Akhirnya saya memutuskan untuk memodifikasi kipas baru ini dengan menggunakan penjepit kipas yang lama.
Lubang as pemutar arah kipas diperlebar.
Dengan menggunakan mesin mini grinder dengan mata bor jenis diamond, seukuran dengan ketebalan mur baut yang akan dipasangkan.
Posisi mur baut setelah dipasangkan dilihat dari bagian bawah.
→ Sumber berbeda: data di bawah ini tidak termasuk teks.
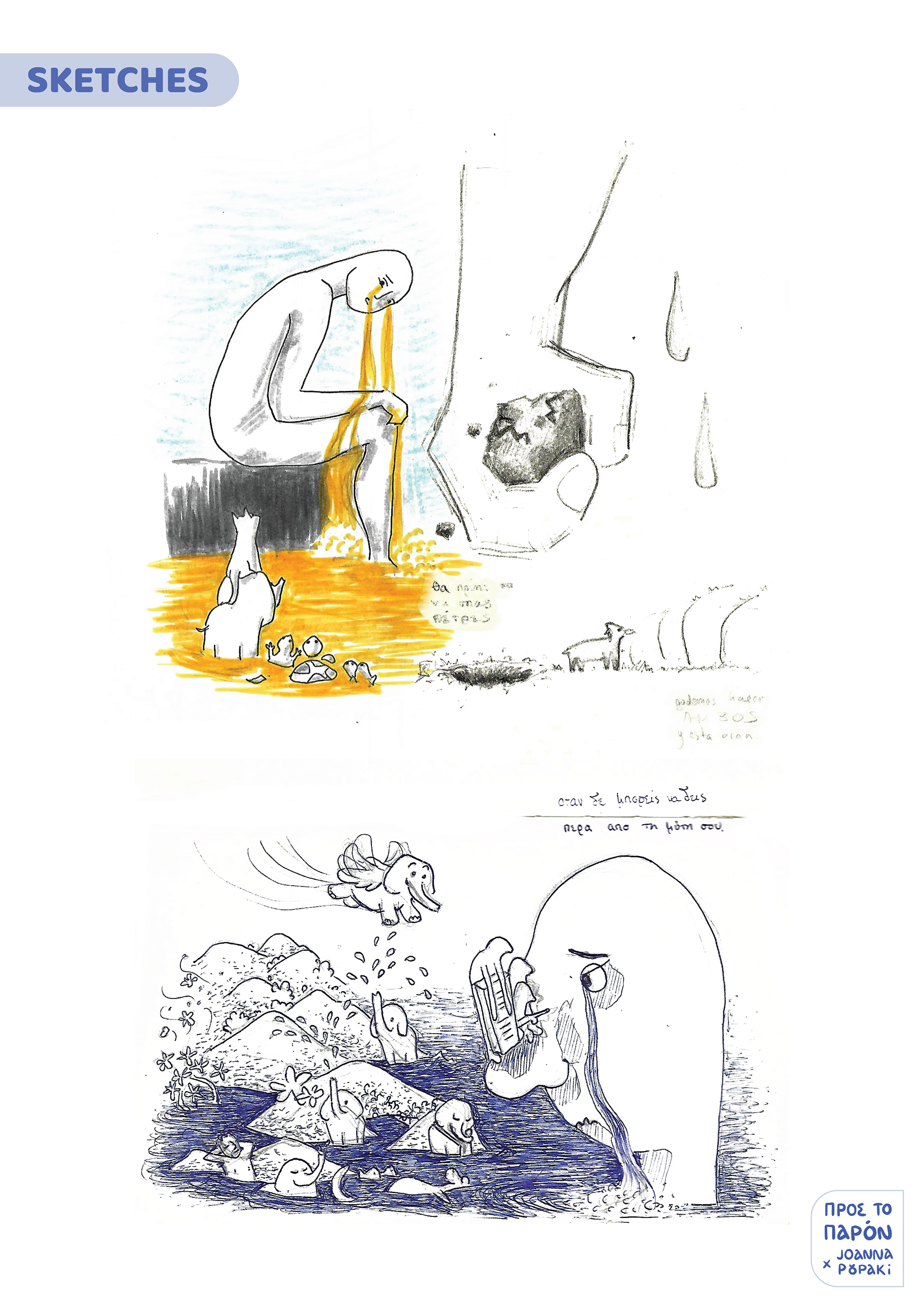 An animated interpretation of the same-titled song “Προς το Παρόν” (Pros to Parón) in Greek, by the Greek music group Skiadareses, that awakens many emotions. Emotions of love-hate, of loss and nostalgia. Drowning in one's own thoughts and tears, and at the same time finding the embrace of a friend and hope.

Menggunakan dua buah mur sebagai pengunci, agar tidak akan kendur.
Pada kedua titik pertemuan yang diikat mur baut, saya menambahkan seal karet yang berfungsi sebagai peredam getaran sekaligus menjaga arah angin agar tidak mudah bergeser.
Sayangnya, posisi karet tersebut tidak sempat saya dokumentasikan.
Berikut posisi kipas angin portable saat digunakan didalam mobil dengan kondisi mesin mati untuk membantu mengurangi panas.
Secara performa, kipas portable yang baru ini sangat bagus:
suara hening dan halus, baling-baling seimbang nyaris tanpa getaran, serta dilengkapi indikator kecepatan angin.
^_^
--- --- Jurnal --- ---
27 Mei 2026 (Idul Adha)
Ternyata kipas pengganti tersebut tak mampu bertahan lama. Dalam pemakaian intensif, usianya bahkan tidak sampai 4 bulan (lebih cepat dari perkiraan).
Kinerja menurun drastis di beberapa minggu terakhir. Hembusan angin di level tertinggi kini kekuatannya setara dengan level 1 pada kipas lama saya.
Jadi, saatnya kembali ke sang juara: kepala kipas lama merk Krisbow yang terbukti tangguh.
Proses Bedah & Transplantasi:
- Saya membongkar poros pengatur arah (atas-bawah) pada kedua kipas.
- Menggunakan alat runcing sejenis paku untuk mencongkel tutup poros
- Hati-hati sekali di sini, jangan sampai jari tertusuk ðŸ¤.
- Setelah sekrup terlepas, mulailah tahap imajinasi: bagaimana menyatukan dua kepala kipas dari merk dan model yang berbeda?
Tantangan Dan Solusi.
- Terdapat jarak (gap) yang cukup jauh antara cangkang poros kedua kipas tersebut.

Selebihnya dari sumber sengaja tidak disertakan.